Diese so sehr unterschiedlichen Vorlieben münden dann in der Silvesternacht in bisweilen auf skurrile Weise die Stimmung beeinflussenden gemeinsamen Filmentscheidungen:
Nie waren wir deprimierter und das zur selben Zeit als nach „Black Hawk Down“ oder einer Doku über japanische Kriegsverbrechen an chinesischen Zivilisten im Zweiten Weltkrieg.
Nie waren wir (zeitgleich) müder als nach dem DVD-Marathon mit „Jordskott – die Rache des Waldes“, wir gaben dann auf nach Teil 12 und wissen bis heute nicht, wer der Mörder war? (hurz)
Nie waren wir gemeinsam so melancholisch-heiter wie nach „Adams Äpfel“ oder „Ein Mann namens Ove“, nie irritierter als nach „Shutter Island“ und nie haben wir mehr über Mord und Totschlag gelacht als bei „Inglourious Basterds“, „Django Unchained“ und „No Country for old Men“.

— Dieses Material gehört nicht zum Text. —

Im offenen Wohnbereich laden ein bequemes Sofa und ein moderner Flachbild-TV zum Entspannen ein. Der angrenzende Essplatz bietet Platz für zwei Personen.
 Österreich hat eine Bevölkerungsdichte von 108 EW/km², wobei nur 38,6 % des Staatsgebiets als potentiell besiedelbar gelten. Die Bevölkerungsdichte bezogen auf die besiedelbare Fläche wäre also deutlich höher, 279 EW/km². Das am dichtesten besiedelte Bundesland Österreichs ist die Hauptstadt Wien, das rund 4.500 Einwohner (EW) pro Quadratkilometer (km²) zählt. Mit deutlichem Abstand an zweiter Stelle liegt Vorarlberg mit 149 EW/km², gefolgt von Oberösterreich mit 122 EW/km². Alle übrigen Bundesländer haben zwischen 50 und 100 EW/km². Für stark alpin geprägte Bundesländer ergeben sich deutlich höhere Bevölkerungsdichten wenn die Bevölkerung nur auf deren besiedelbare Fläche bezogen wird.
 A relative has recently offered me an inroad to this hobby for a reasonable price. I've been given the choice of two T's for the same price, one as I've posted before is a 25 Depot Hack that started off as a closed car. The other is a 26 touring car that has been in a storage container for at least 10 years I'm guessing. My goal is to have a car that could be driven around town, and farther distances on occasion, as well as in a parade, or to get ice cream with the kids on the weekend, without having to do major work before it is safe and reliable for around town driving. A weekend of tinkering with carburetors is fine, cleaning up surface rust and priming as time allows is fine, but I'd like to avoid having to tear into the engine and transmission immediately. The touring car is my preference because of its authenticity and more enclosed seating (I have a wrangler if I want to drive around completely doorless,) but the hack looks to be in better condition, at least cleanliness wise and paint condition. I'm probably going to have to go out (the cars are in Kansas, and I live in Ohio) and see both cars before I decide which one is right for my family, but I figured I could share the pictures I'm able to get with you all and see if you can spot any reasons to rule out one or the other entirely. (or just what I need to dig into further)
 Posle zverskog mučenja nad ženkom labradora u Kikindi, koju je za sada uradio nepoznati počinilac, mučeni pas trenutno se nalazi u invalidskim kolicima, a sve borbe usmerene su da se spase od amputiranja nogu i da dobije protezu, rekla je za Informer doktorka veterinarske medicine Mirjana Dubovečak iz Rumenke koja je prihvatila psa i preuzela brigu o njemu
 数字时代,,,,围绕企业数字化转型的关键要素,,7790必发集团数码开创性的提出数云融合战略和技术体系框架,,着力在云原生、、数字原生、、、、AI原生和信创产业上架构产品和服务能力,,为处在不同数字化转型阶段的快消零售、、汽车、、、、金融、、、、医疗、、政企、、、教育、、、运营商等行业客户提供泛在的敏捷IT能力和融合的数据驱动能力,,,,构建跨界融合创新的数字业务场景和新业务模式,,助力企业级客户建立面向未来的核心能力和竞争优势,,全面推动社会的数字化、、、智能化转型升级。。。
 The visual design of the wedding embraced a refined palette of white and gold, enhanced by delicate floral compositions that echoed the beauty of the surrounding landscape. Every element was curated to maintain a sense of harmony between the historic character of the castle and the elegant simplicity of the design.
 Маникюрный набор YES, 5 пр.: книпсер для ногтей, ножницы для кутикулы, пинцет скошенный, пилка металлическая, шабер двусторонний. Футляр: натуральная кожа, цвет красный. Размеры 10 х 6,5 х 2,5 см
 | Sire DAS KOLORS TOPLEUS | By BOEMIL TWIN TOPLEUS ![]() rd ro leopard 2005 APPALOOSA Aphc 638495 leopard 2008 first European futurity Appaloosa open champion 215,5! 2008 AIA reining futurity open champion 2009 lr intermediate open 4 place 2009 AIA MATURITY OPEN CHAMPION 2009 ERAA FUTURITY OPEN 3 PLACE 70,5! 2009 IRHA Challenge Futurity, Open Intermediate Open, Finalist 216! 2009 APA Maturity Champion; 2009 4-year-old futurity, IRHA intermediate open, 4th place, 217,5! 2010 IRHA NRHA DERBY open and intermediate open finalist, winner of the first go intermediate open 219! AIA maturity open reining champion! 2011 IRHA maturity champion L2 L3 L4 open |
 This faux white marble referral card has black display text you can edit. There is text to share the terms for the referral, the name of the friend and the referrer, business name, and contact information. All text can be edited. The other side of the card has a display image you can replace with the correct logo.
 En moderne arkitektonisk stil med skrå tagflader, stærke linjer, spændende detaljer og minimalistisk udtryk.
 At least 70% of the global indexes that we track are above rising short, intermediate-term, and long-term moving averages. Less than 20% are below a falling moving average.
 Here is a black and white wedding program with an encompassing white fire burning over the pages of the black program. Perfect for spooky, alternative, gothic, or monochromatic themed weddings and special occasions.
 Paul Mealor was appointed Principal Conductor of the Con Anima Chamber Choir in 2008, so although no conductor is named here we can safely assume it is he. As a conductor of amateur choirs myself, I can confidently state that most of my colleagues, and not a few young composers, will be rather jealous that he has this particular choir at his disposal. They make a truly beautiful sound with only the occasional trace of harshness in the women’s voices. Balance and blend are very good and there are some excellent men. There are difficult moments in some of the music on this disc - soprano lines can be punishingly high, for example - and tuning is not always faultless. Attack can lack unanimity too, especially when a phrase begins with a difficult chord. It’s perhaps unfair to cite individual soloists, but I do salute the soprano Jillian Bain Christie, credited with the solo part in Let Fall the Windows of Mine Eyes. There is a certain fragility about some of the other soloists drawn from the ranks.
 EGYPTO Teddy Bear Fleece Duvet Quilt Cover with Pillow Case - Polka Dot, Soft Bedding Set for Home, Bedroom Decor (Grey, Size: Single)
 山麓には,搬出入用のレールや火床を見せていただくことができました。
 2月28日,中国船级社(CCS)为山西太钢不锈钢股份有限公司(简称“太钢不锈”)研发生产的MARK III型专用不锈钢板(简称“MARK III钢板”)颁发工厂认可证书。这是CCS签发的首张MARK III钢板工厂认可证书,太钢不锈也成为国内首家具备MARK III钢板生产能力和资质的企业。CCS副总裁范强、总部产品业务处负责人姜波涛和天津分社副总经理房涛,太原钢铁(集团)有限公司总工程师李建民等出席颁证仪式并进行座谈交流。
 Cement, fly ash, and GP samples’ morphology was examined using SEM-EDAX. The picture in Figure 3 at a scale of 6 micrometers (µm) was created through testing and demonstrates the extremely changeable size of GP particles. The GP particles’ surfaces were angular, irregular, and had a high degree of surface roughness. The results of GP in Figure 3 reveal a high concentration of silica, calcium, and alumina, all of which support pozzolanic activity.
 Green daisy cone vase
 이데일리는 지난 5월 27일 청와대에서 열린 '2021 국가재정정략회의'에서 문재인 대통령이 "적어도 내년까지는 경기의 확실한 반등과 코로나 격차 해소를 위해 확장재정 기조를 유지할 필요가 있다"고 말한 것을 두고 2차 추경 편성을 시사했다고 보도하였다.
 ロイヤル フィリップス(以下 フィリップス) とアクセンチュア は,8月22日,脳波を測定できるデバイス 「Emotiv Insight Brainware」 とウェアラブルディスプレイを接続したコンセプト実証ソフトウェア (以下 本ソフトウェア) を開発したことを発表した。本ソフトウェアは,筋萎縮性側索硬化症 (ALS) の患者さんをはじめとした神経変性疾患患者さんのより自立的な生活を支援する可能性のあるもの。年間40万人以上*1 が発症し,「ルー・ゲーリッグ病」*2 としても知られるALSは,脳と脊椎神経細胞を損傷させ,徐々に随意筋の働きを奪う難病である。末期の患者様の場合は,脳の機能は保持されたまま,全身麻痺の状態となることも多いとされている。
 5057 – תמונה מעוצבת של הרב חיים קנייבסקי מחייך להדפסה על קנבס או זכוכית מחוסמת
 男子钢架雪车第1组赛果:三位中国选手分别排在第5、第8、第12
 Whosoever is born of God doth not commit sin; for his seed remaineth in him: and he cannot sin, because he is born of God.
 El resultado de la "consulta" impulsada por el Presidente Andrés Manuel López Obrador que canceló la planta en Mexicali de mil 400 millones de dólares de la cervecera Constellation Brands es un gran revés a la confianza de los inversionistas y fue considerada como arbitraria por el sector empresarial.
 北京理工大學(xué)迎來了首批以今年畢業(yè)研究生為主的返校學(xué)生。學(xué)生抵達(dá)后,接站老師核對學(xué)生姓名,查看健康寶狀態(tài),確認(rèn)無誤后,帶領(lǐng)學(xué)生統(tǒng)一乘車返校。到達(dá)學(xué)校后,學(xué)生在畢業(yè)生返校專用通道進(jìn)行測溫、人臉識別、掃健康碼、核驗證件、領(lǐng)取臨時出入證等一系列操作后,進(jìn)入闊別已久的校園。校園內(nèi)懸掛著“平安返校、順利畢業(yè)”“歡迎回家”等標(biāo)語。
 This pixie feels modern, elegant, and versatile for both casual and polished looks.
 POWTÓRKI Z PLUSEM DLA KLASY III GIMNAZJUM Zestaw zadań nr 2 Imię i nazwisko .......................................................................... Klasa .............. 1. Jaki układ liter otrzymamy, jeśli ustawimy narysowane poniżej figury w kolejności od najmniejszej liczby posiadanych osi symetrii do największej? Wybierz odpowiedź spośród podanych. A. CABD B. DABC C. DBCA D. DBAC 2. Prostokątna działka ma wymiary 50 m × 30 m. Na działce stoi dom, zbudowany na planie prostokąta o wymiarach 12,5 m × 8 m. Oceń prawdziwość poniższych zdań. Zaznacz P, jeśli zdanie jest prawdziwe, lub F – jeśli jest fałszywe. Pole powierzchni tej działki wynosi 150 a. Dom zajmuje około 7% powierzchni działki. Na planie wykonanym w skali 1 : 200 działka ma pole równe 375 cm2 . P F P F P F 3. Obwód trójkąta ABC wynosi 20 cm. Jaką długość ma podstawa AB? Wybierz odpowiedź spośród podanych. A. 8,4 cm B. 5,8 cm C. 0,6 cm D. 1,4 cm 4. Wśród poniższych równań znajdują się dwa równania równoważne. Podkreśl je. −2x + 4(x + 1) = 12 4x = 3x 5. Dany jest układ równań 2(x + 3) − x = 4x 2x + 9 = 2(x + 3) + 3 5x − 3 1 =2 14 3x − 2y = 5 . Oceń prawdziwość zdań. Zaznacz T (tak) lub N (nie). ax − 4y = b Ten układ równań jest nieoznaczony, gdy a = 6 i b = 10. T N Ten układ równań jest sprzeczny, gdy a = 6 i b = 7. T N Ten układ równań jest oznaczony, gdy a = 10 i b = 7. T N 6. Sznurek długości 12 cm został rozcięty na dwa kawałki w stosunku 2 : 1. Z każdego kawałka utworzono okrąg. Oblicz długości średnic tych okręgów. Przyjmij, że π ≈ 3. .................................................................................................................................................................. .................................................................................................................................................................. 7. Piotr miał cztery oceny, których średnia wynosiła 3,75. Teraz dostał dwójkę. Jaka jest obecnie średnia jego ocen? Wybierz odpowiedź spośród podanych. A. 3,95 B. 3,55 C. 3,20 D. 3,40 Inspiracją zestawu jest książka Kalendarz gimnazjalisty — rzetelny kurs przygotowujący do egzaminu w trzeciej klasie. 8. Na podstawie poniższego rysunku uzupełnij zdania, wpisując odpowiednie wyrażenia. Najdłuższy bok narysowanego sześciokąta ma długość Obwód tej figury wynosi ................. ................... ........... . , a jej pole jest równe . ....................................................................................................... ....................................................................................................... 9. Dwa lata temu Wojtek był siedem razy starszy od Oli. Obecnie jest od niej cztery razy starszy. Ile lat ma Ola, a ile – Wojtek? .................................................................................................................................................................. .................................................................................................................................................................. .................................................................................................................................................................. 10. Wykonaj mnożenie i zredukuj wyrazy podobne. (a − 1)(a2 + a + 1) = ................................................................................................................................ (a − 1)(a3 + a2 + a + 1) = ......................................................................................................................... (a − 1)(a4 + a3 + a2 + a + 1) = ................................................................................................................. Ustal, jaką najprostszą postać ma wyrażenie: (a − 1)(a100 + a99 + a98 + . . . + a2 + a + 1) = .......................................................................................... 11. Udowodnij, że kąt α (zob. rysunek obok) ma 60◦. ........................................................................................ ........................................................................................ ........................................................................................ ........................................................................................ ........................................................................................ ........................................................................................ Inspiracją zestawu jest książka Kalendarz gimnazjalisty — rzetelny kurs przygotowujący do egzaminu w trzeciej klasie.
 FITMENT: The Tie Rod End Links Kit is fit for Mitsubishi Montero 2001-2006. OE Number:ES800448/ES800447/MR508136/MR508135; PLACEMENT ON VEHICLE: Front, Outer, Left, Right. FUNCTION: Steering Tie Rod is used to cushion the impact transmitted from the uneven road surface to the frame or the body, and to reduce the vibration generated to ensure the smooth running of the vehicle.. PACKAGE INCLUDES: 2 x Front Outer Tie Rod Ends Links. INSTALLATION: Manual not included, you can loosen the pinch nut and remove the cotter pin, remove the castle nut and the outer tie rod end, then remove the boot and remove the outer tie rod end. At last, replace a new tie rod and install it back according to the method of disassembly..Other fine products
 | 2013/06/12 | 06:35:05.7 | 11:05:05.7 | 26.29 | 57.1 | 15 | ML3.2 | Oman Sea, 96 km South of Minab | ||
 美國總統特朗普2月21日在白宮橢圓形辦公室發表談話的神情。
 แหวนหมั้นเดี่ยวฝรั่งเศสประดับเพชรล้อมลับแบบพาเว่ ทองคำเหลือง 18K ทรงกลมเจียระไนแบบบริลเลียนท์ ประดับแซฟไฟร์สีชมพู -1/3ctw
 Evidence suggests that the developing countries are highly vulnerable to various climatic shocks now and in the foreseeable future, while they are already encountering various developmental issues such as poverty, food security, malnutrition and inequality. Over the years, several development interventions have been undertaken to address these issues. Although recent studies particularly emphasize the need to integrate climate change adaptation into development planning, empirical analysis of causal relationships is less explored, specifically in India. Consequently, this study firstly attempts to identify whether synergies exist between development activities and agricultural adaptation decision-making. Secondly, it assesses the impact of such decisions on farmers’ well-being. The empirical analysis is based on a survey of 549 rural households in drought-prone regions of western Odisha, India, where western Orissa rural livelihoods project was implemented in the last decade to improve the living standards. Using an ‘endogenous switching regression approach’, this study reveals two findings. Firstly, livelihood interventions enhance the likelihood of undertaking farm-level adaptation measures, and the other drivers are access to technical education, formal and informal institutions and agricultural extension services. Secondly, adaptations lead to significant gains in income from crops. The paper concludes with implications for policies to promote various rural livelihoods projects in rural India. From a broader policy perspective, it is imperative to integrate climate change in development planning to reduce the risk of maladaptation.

Auf der Suche also nach dem – DEM – gemeinsamen Film für den morgigen Silvesterabend ist mir leider ein großes Malheur passiert. Ich habe gestern erst 2 Minuten, dann 5 und dann eine Stunde und 59 Minuten zu lang in „Lion – Der lange Weg nachhause“ reingeschaut. Regie führt Garth Davis, gespielt wird die Hauptfigur (erst als Junge) von Sunny Pawar (ein Hammer) und später dann als erwachsener Mensch von Dev Patel (wow). Erzählt wird die wahre Lebensgeschichte von Saroo Brierley, einem in Indien geboren, dort verloren gegangenen, nach Australien/Tasmanien adoptierten und 20 Jahre später wieder nachhause zurückgekehrten Jungen. Und das auf so eindrückliche, berührende, bewegende, das Herz ergreifende, brillant gespielte Weise, dass ich es vermutlich zum ersten Mal geschafft hätte, den Mann und mich gemeinsam zum Heulen zu bringen. (Mein Film des Jahres. Ach was – einer der schönsten Filme, die ich je gesehen habe.)

Tja. Unnu?
Bin ich auf eure Film-Tipps angewiesen für Silvester 2021.

ps.: Zum ersten und bislang einzigen Mal gemeinsam im Kino waren wir übrigens in Hamburg vor vielen Jahren. Da hatten wir uns gerade kennengelernt und mein Mann lud mich „ins Kino“ ein. Mit der von den Pet Shop Boys zum Filmklassiker „Panzerkreuzer Potemkin“ komponierten und von den Dresdner Philharmonikern open air inszenierten Musik saßen wir auf der grünen Wiese und hatten uns furchtbar lieb. (Falls noch wer Fragen haben sollte.)